Atlanta (31-37) and Milwaukee (32-36) both have losing records against winning teams, too. It’s a telling statistic, but not the only measure for success. If it was, there would be a bigger commotion about how the Tigers were truly World Series contenders after a 39-36 record against winning teams.
Here’s a couple of stats that illuminate the White Sox’s strengths:
- 636 runs allowed, 27.1 K% and 3.85 xFIP, 1st in AL
- +160 run differential, .758 OPS and .329 wOBA, 4th in AL
Maybe being battle-tested would help once this team reaches the playoffs, but there’s a benefit to simply making the postseason and gaining that experience, too. Remember, this is a young team whose budding star in Luis Robert has yet to even play a full season in his entire career (124 games). I’ll take as many swings at a championship as possible with this core. Ask a Blue Jays fan how nice it was to be 48-44 against winning teams and tested the whole season in the AL East.

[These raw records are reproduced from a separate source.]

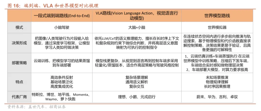 端到端智能驾驶已经衍生出VLA和世界模型两种技术路线。为解决低频场景数据不足和推理能力问题,端到端衍生出VLA和世界模型两种路线,VLA和世界模型并不是完全对立,而是两条目前并行发展的技术路线:VLA适合快速迭代、兼容现有量产平台,短期内易于落地。世界模型则代表了更底层的认知方式,强调物理规律和空间理解力,适合长期演进。各大厂商基于自身的技术积累、成本考量和品牌定位,选择不同的演进策略,部分厂商会同时预研多个技术路线。
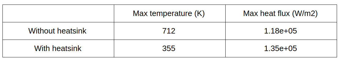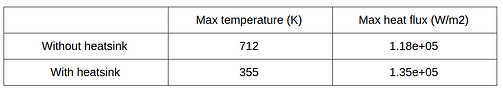 From the simulation results, we can see that the enclosure design without heatsink reaches a very high temperature value of ~712 K, thereby overheating the silicon chips and failing to transport heat effectively from its surfaces. In the other case, the heatsinks do not allow the chips to heat up to high temperatures. The heat spreads across the fins and to the aluminium enclosure thereby benefiting itself from a natural convection process. The maximum values of the temperature and heat flux are shown in the table below.
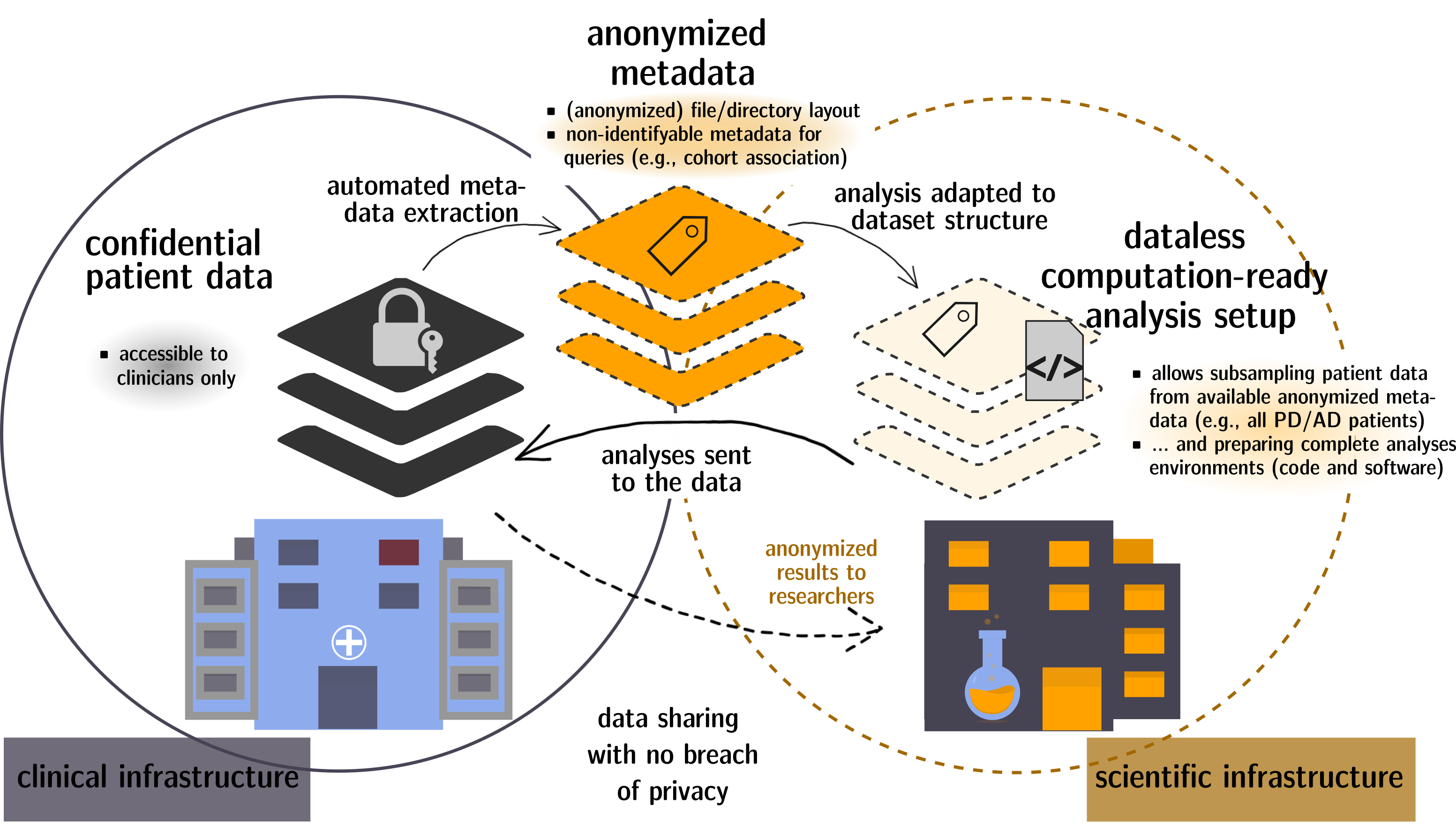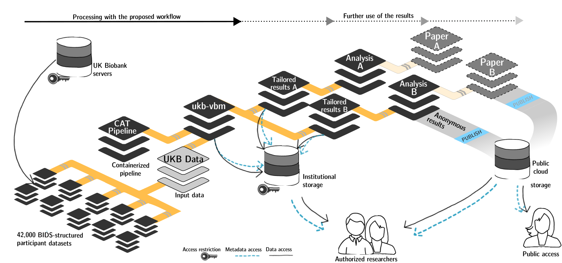 | Data analysis | Reproducibility is threatened by intransparent, multi-stepped analyses¹ & unstable results across software versions². Dataset sizes exceed computational capabilities (e.g., HCP project: ~100TB, 1.2k people). |
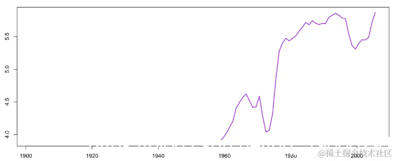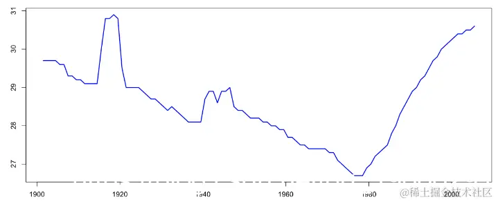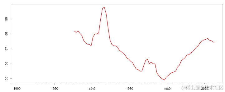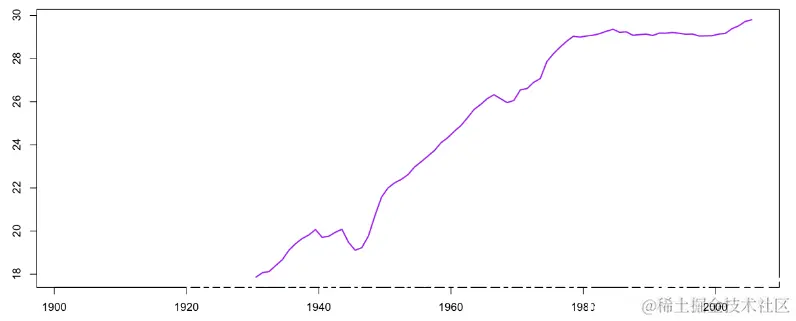 > plot(age$ANNEE+.5,age$age.GRD.MERE,
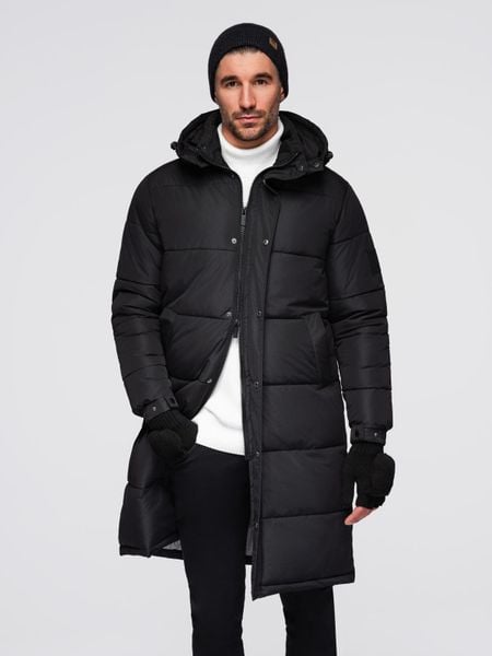 Długa męska kurtka zimowa pikowana z kapturem - czarna V1 - Rozmiar: XXL
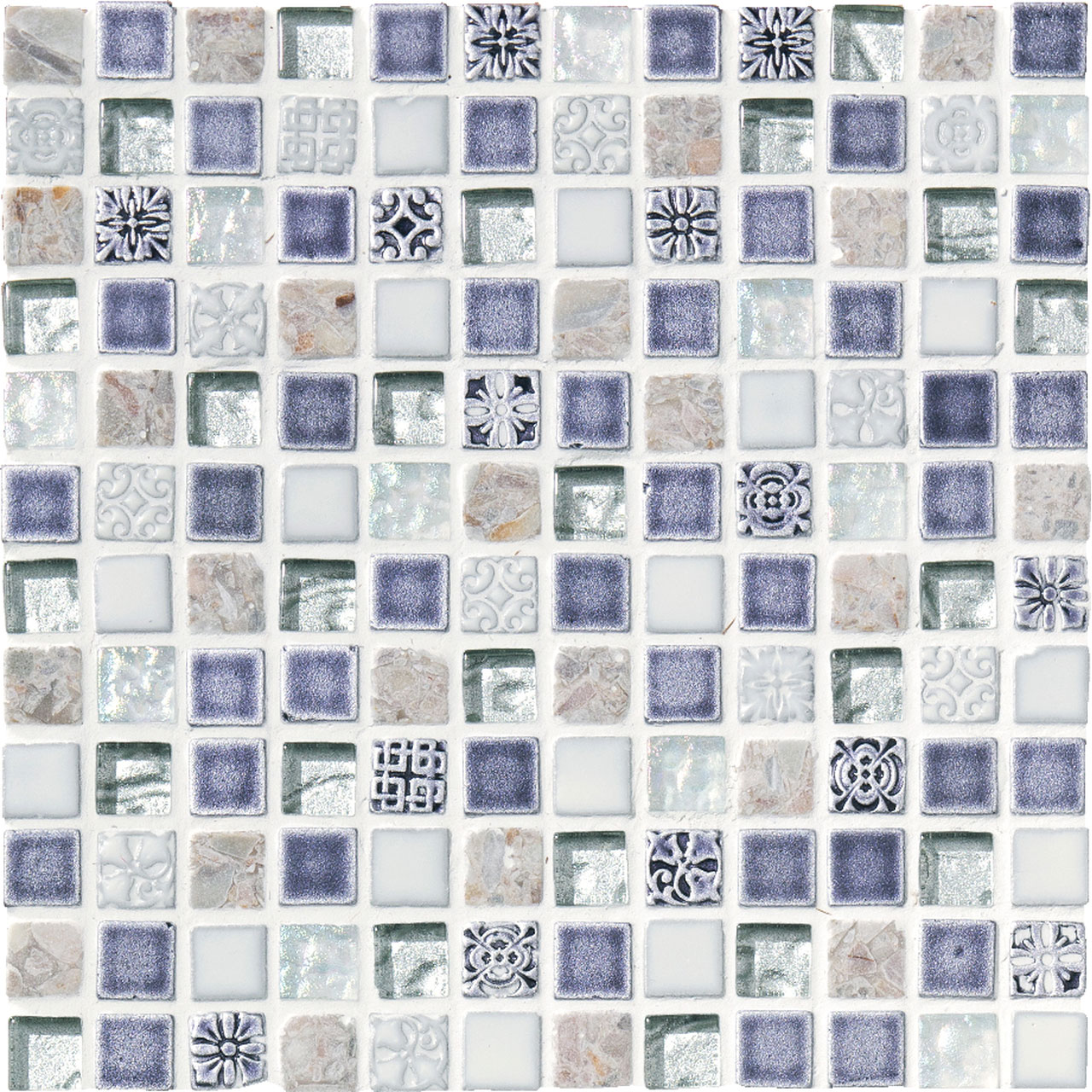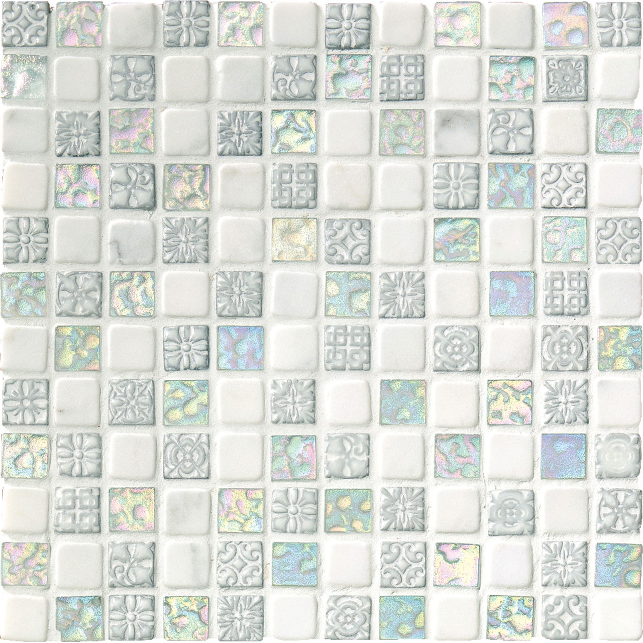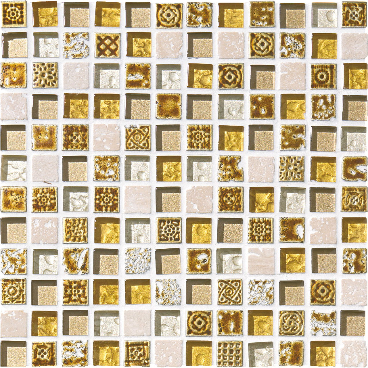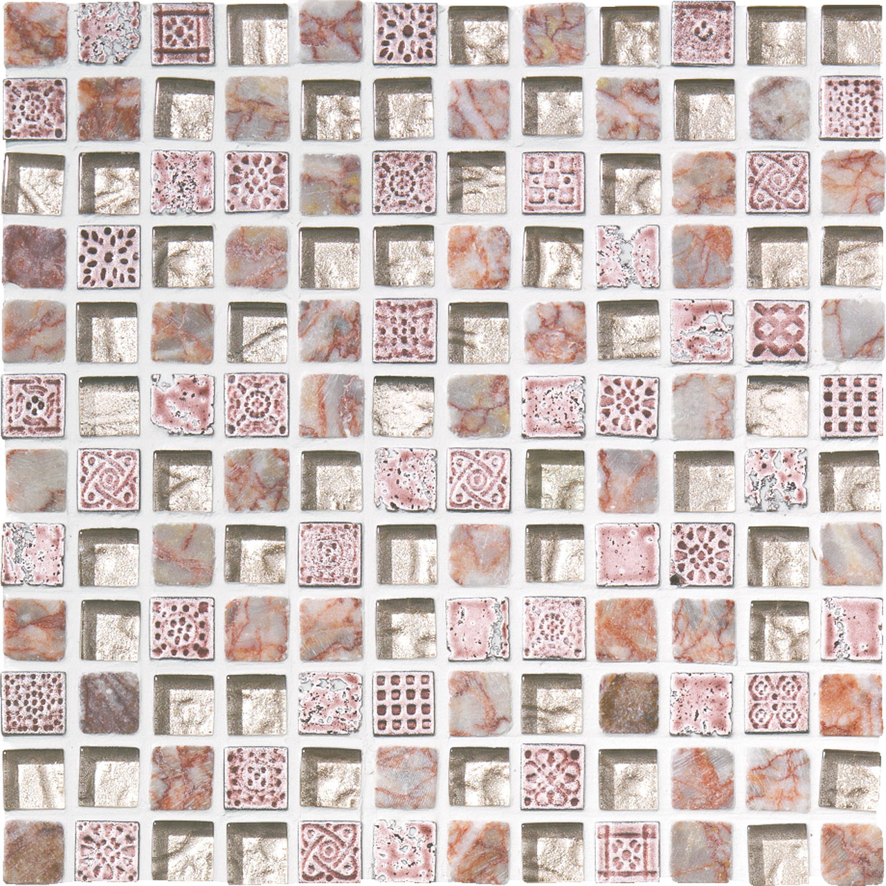 宝石をミックスして敷き並べたパヴェジュエルのようなモザイク。大理石やガラス、磁器などの多素材が混ざり合った美しいタイルです。

Whenever this run ends, it’s important to remember that it’s simply hard to win in the postseason. It took the Dodgers almost a decade of winning the NL West before hoisting the World Series trophy — not to mention the kajillion dollars spent on building that contender. The Rays are a perennial power, yet have not won a ring.
And just because the White Sox struggled in two games during the first true year of their window doesn’t make this season a failure, or the team mediocre. Not every playoff experience is going to mirror the 2005 White Sox obliterating competition.
This isn’t to say the White Sox don’t have issues that need to be addressed this offseason. There are holes in right field and second base, while the bullpen has the pieces to be relied on heavily during a postseason run, it is too inconsistent to actually be trusted.
Every team has holes, though. And besides one, every team in the postseason ends up losing a series. It’s just a weird choice to fixate on two games — games that haven’t even ended the series — over a 162-game sample size.
If having five All-Stars, one of the best catchers in the league, a Silver Slugger left fielder, five-tool center fielder, a pair of 200-strikeout pitchers that don’t even include their two All-Stars in the rotation and a slew of electric bullpen arms is a bad team, then I guess I enjoyed watching bad baseball for the past several months.
This team won 93 games. It doesn’t matter how badly the Twins fell on their face, how many times Cleveland was no-hit and the disaster going on in Kansas City, that’s still the third-most wins in the AL. If topping 90 wins was easy, then the rest of the AL Central wouldn’t have fallen below .500 this year.
Houston might be the best team in baseball, or just a great team. Time will tell.
But that doesn’t mean the White Sox aren’t good, too.